Note You need to log in before you can comment on or make changes to this bug.
Description Andrew Savchenko gentoo-dev 2016-01-30 11:31:11 UTC
Hi,

emerge -a crashes on non-english text in the confirmation string if this text was deleted and replaced with proper variant, e.g.

# emerge -av openrc
...
Would you like to merge these packages? [Yes/No] y
Traceback (most recent call last):
  File "/usr/lib/python-exec/python3.4/emerge", line 50, in <module>
    retval = emerge_main()
  File "/usr/lib64/python3.4/site-packages/_emerge/main.py", line 1185, in emerge_main
    return run_action(emerge_config)
  File "/usr/lib64/python3.4/site-packages/_emerge/actions.py", line 3236, in run_action
    emerge_config.args, spinner)
  File "/usr/lib64/python3.4/site-packages/_emerge/actions.py", line 400, in action_build
    uq.query(prompt, enter_invalid) == "No":
  File "/usr/lib64/python3.4/site-packages/_emerge/UserQuery.py", line 57, in query
    for i in range(len(responses))])+"] ")
UnicodeDecodeError: 'utf-8' codec can't decode byte 0x84 in position 0: invalid start byte

At the point where "y" input is entered I originally entered a russian letter (forgot to switch my keyboard to english layout), pressed backspace once, wrong letter disappeared, and entered "y" letter.

I suspect that backspace erased only one byte of two-byte character encoding, thus crash happened. If I press backspace twice crash doesn't happen.

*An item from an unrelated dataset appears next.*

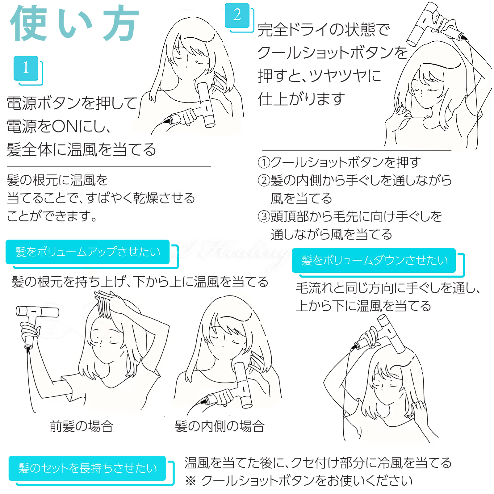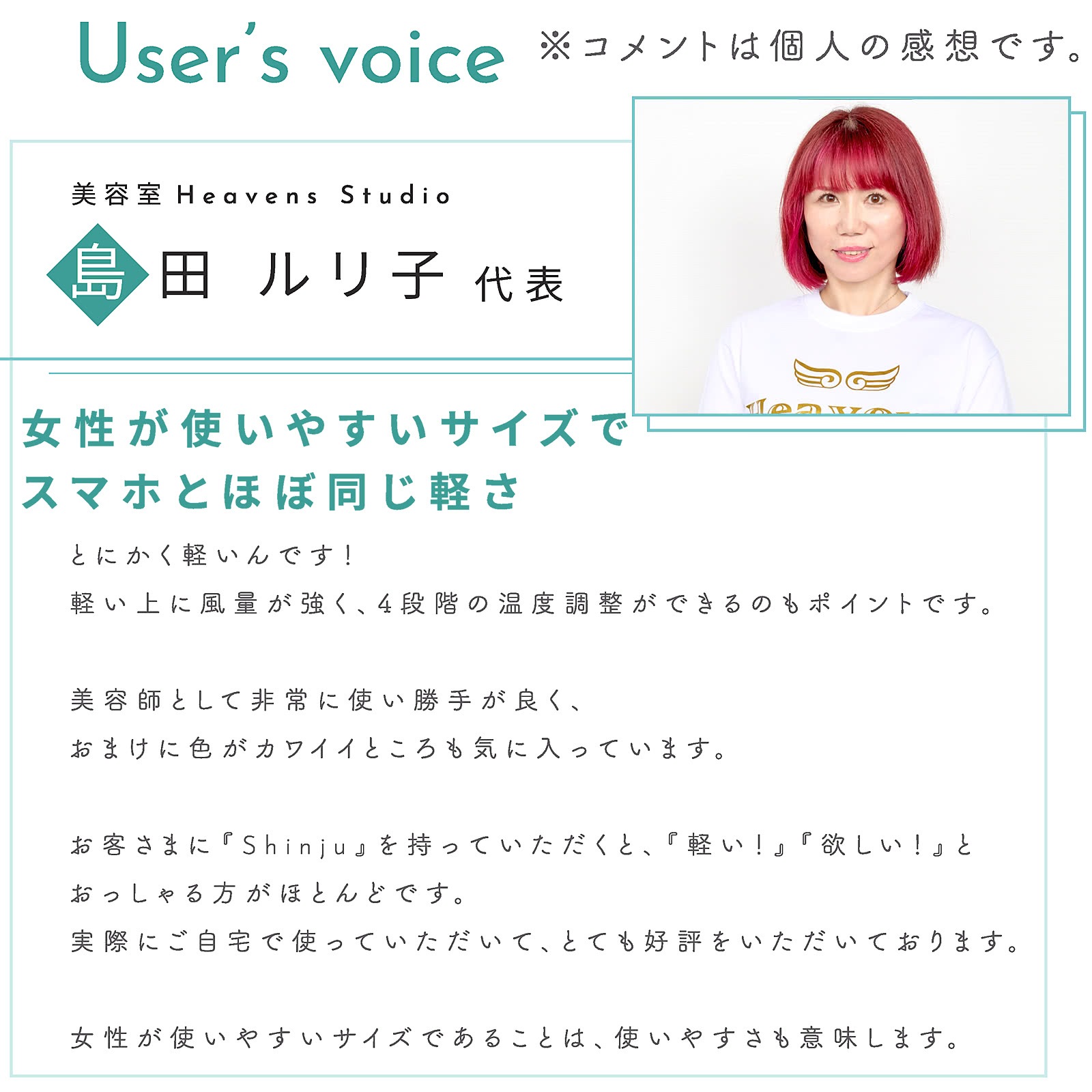![]() ![]() 今使用のドライヤーを使っていて、「重たい」「時間がかかる」「面倒くさい」と感じたことはありませんか? ひとつひとつが小さなストレスでも重なるとイライラ。 Shinjuドライヤーは、2つのポイントで速乾を実現。 4段階の温度設定と、毎分11万回転の高速モーターが生み出す大風量。 冷風・60℃・90℃・120℃で切替が可能。 60℃で乾かすことで頭皮や髪への負担を少なくし、やさしく乾かすことができます。 毎分11万回転の高速モーターを搭載。 毛髪だけでなく、毛穴に残る水まで乾かせます。 スマホを持つのと変わらない軽さで、あなたに ちょっとの気持ちと、時間に余裕を。 ![]() ちょっと 短くなったら…? 朝の支度もゆっくり コーヒーを飲んだり、スマホでニュースをチェックしたり、テレビを見たり…。 せわしない朝に、ほんのちょっとの時間をプラス。 急な外出にも 寝坊した日や、急にお出かけの日も。 いそがしい日も、いつもと変わらずキレイにセット。 ドライヤーが苦手な子どもにも 大切なお子さまが風邪を引かないように、より短く、静かな音で乾かすことができます。 お疲れの夜に お風呂から上がってもう寝たい。でも傷むから髪は乾かさなきゃ そんな夜も、早く乾かしてすぐベッドへ。 ![]() 見やすい液晶ディスプレイ 温度と風速が一目でわかるスタイリッシュなデジタル表記。冷風・60℃・90℃・120℃で切替ができます。 クールショットボタン ボタンひとつで冷風に切り替え。 電源OFF時には長押しで自動クリーニング機能になり、かんたんお掃除。内部をいつまでもキレイに保つことができます。 風速調節・温度調節ボタン 豊富な温度設定と大風量。3段階の風速・4段階の温度調節が可能なので、ひとりひとりの髪の状態にあったケアが可能。 毎分11万回転の高速モーターが生み出す大風量で速乾を実現。 Point パーソナライズドライヤー ■早く乾かしたい人へおすすめ:風速 強×温度120℃ ■ダメージが気になる人へおすすめ:風速 中×温度90℃ ■頭皮や髪をやさしく乾かしたい人へおすすめ:風速 弱×温度60℃ ※乾かす時間や短縮される時間には個人差があります。 ![]() ![]() ![]() ブラックカラーのおしゃれなドライヤー。 ![]() User's voice Shinjuレビュー ※コメントは個人の感想です。 美容室Heavens Studio 代表 島田 ルリ子 女性が使いやすいサイズでスマホとほぼ同じ軽さ 超軽量なので特に女性にお薦めです とにかく軽いんです。すごく軽いのに風量が強く、4段階に温度調整ができるのがポイントです。 美容師として非常に使い勝手が良くスタイリッシュなデザイン。おまけに色が可愛いところも気に入っています。 お客さまにshinjuのドライヤーを持っていただくと、「軽い」 「欲しい」とおっしゃる方がほとんどです。 実際にご自宅で使っていただいて、とても好評をいただいております。 女性が使いやすいサイズであることは、使いやすさも意味します。 ![]() ●付属品 スタイリング用ノズルアタッチメント ノズル 1.なめらかな風で髪をやさしく乾かします。 2.高速・高精度な風の流れで、一束ずつ自在にスタイリングできます。 3.風を均一に保ち、優しく乾かす事ができます。 ![]() 各部の名称とはたらき 1.吹出口 2.吸込口 3.フィルターケージ:取り外し可能で、お手入れ簡単。 4.風速調節ボタン:ボタンを押すことで変更できます。強・中・弱の3種類の精密な設定が可能です。現在の風速は液晶ディスプレイで確認できます。 5.温度調節ボタン:ボタンを押すことで変更できます。4段階の温度設定が可能です。現在の温度は液晶ディスプレイで確認できます。 6.電源ボタン 7.クールショットボタン:温風時に押している間は、冷風になります。電源OFF時に長押し(3秒間)すると、自動クリーニング機能になります。 その他の機能 熱シールド技術:ノズルの表面が熱くなり過ぎず、扱いやすい構造です。 オーバーヒート防止機能:通常の使用条件下での最高温度は120℃となります。 Shinjuドライヤーの使い方 How to Use 海外では使えません。日本国内専用(AC100V)です。また、変圧器でのご使用も故障の原因となります。 準備 タオルなどで髪の水分を拭き取る。 ブラシまたは手ぐしで髪のもつれを取る。 電源プラグをコンセントにさしこみ、電源ボタンを押す。 ![]() 1.電源ボタンを押して電源をONにし、髪全体に温風を当てる。 髪の根元に温風を当てることで、すばやく乾燥させることができます。 2.完全ドライの状態でクールショットボタンを押すと、ツヤツヤに仕上がります。 クールショットボタンを押す。髪の内側から手ぐしを通しながら風を当てる。頭頂部から毛先に向け手ぐしを通しながら風を当てる。 3.電源ボタンを押して電源をOFFにし、電源プラグをコンセントから抜く。 乾燥が終わったら、手ぐしまたはブラシで髪の毛を整えてください。 ドライヤーが十分に冷めてから、湿気の少ない所に保管してください。 電源プラグを持ってコンセントから抜いてください。 ![]() 髪をボリュームア

Please catch invalid utf-8 conversions and just ask for response once more instead of crashing :)
Comment 1 Andrew Savchenko gentoo-dev 2016-01-30 11:32:22 UTC
$ eix -e portage

sys-apps/portage
     Available versions:  2.2.8-r2 2.2.20.1{tbz2} 2.2.24 2.2.26{tbz2} (~)2.2.27{tbz2} **9999{tbz2} {build doc epydoc +ipc pypy2_0 python2 python3 selinux xattr LINGUAS="ru" PYTHON_TARGETS="pypy pypy2_0 python2_6 python2_7 python3_2 python3_3 python3_4 python3_5"}
     Installed versions:  2.2.27{tbz2}(08:32:35 PM 01/22/2016)(doc ipc -build -epydoc -selinux -xattr LINGUAS="ru" PYTHON_TARGETS="python2_7 python3_4 -pypy -python3_3 -python3_5")
Comment 2 Andrew Savchenko gentoo-dev 2016-01-30 11:33:04 UTC
Created attachment 424240 [details]
emerge --info
Comment 3 Alexander Berntsen (RETIRED) gentoo-dev 2016-02-01 14:13:11 UTC
I can't recreate this in HEAD with Norwegian letters, Hiragana, Katakana, or Kanji.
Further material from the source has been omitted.